We’re hearing a lot of companies complain about supposed “labor shortages” – you might think that would cause companies to reassess, and cut back on juicing the stock buybacks so they could permanently raise pay, or increase retirement contributions, or offer better health care plans, or invest in new training programs to attract workers.

But no – this year corporate stock buyback are on track to approach, or even surpass, the 2018 record.

Proponents of stock buybacks argue that companies purchase their own shares only after considering other, value-creating investment options.

That’s ridiculous. 

Talk to any family in Cleveland or Chillicothe, in Marietta or Mansfield – really anywhere outside of Wall Street or the richest enclaves.

Ask these families if they can think of a better investment for the trillions in wealth American workers have created.

But of course executives’ personal interests influence their decision-making. One study of more than 2,500 companies found that the greater the percentage stock options in executive compensation packages, the more likely a company was to make stock buybacks. 

So how do we stop this never-ending cycle of corporate greed, and make sure that workers are sharing in the profits they create?

We start with the new bill Senator Wyden and I are introducing –the Stock Buyback Accountability Act.

The tax code is one of the best tools we have to influence businesses. So our idea is simple – if you want to buy back your own stock, you have to pay a tiny 2% tax on that money you make off it.

Two percent is tiny – it’s a hell of a lot less than the tax rate that workers pay on their wages.

But that little tax will make companies think a little harder about whether stock buybacks are really the best use of their trillions in profits. And hopefully it will make it a little more likely they’ll invest that money in something useful instead – something like:

  • A new factory,
  • Research into new products,
  • Training and apprenticeship programs,
  • Pay raises for the workers that are making all those profits possible.

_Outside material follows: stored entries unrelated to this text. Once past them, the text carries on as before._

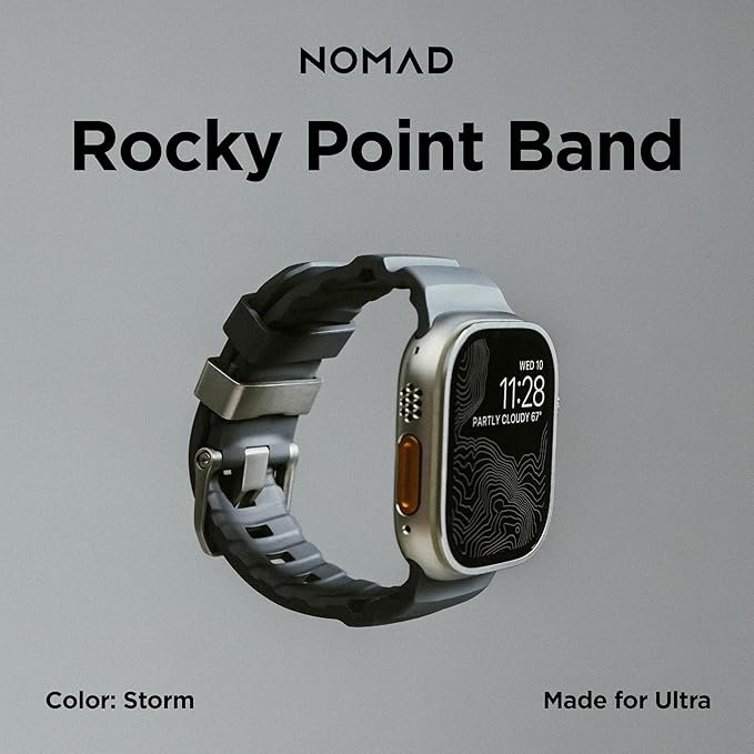 Το Rocky Point Band της Nomad είναι σχεδιασμένο για να δώσει στο αγαπημένο σας Apple Watch Ultra3/Ultra2/Ultra1/SE3/SE2/SE1/11/10/9/8/7/6/5/4 (49/46/45/44mm) μια μοντέρνα και μοναδική εμφάνιση, ενώ είναι ιδιαίτερα κομψό και κατάλληλο για την καθημερινή χρήση.
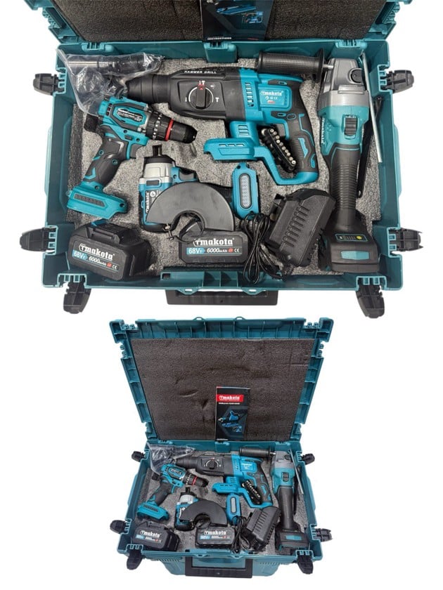 Аккумуляторный бесщеточный перфоратор Makota: Напряжение аккумулятора: 68 В. Емкость аккумулятора: 5 А*ч. Наличие быстросменного патрона: нет. Вес нетто: 4.8 кг. Тип хвостовика: sds-plus. Количество режимов: 3. Сила удара: 2.0 Дж. Max диаметр сверления (металл): 16 мм. Угловая шлифовальная машина 125мм Makota: Напряжение аккумулятора, В: 68v. Диаметр круга, мм:
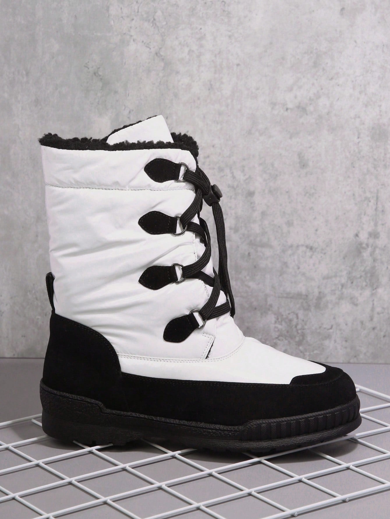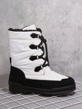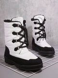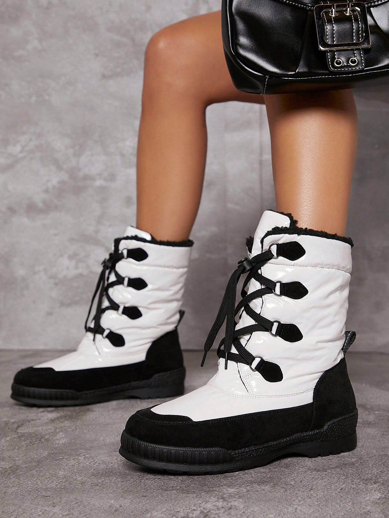 Black and White Faux Leather Lace-Up Lug Sole Boots: Stylish and Sturdy Footwear for Any Occasion
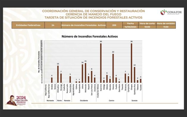Hay activos 205 incendios forestales en 24 estados del país, reportó este martes 14 de mayo la Comisión Nacional Forestal (Conafor).
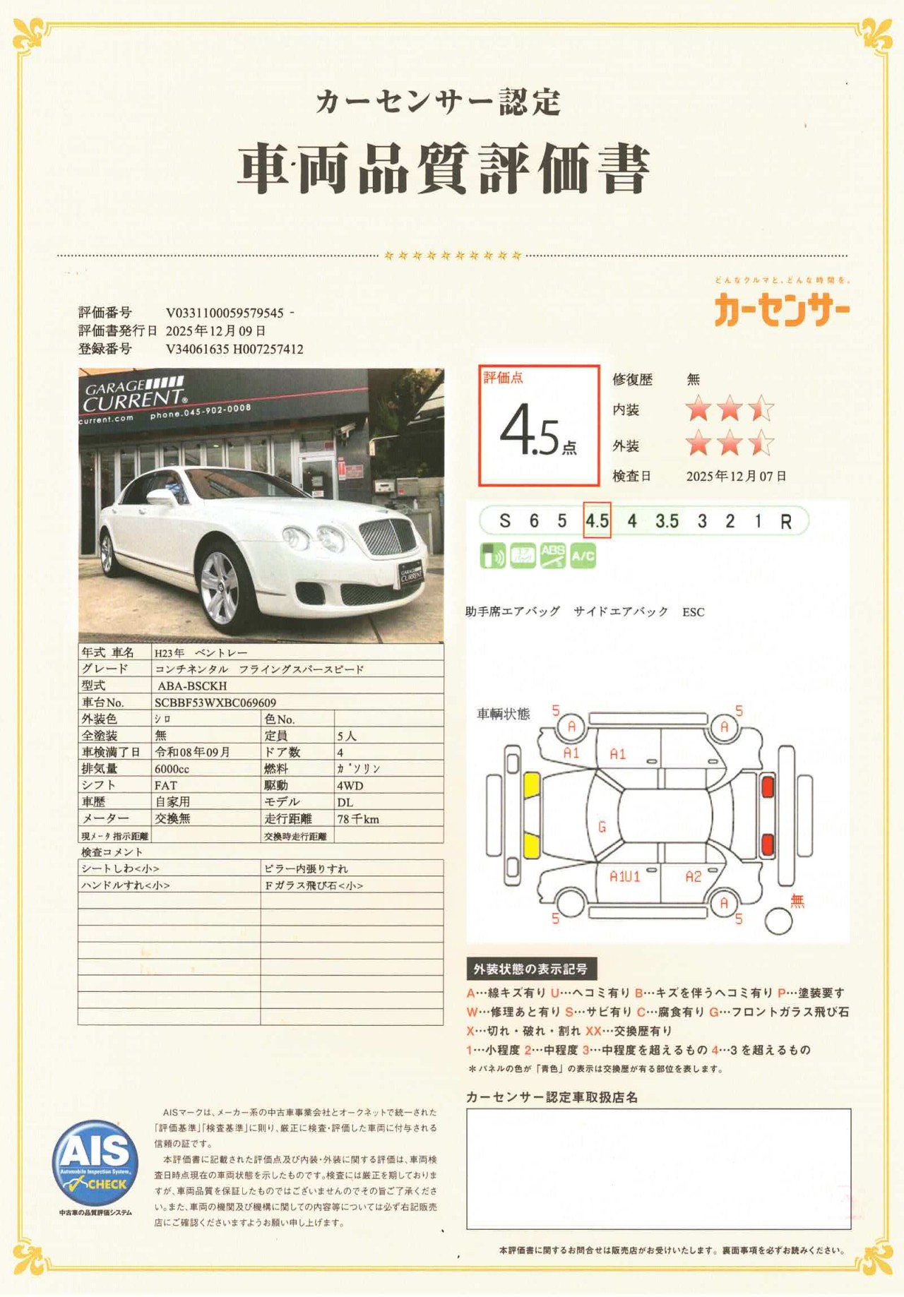 2011年 ベントレー コンチネンタルフライングスパー スピード/ディーラー車/ユーザー様買取車輌/
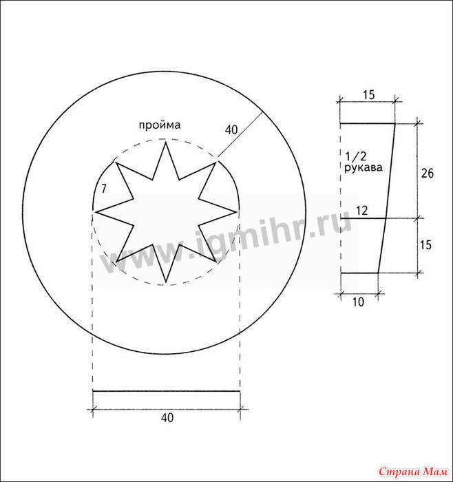 Вязать центральную часть жакета крючком № 2,5 по схеме 1. Затем определить места для пройм согласно выкройке. Для прорези рукавов связать цепочки из возд. п. длиной 30 см, закрепить их соед. столбиком и продолжать вязание оборки по кругу крючком № 3 согласно схеме 2. Затем связать рукава по схеме 3. Вязать от проймы 5 рядов крючком № 3,5; 5 рядов крючком № 3, далее вязать крючком № 2,5 до расширения. Расширение рукава вязать крючком № 3. Нижнюю часть жакета вязать крючком № 3,5 двумя вертикальными раппортами по схеме 4.

That has to be the goal of any stock buyback plan – it’s not about punishing executives. It’s about those executives paying their fair share, just like their workers do.

And it’s about changing the incentives in our economy, so that more of our country’s wealth gets invested back in the people who create it.

We’ve known for years that stock buybacks are a problem – that they distort the market, they lead to less long-term economic growth, and they divert investment from workers.

Now, we have a real chance to actually do something about it. After years of politicians talking about reining in Wall Street, now is our opportunity to do it – to show people we’re listening, and we’re taking action.

Creating a fairer tax system is one of the simplest ways to change the Wall Street-and-corporations-first system that Americans are so tired of.

We can make this simple fix to finally – finally – crack down on stock buybacks.

We can get rid of the tax breaks for corporations that ship American jobs overseas.

We can make multinational corporations pay their fair share, instead of always forcing families to foot the bill.

We can crack down on wealthy tax cheats that game the system.

And we can give working families the largest tax cut, ever.

It comes back to the Dignity of Work.

Wall Street doesn’t recognize that all work has dignity. They consider shareholders’ equity in a company to be all that matters.

But workers have equity in a company, too – it’s called sweat equity, and it’s time they were rewarded for it.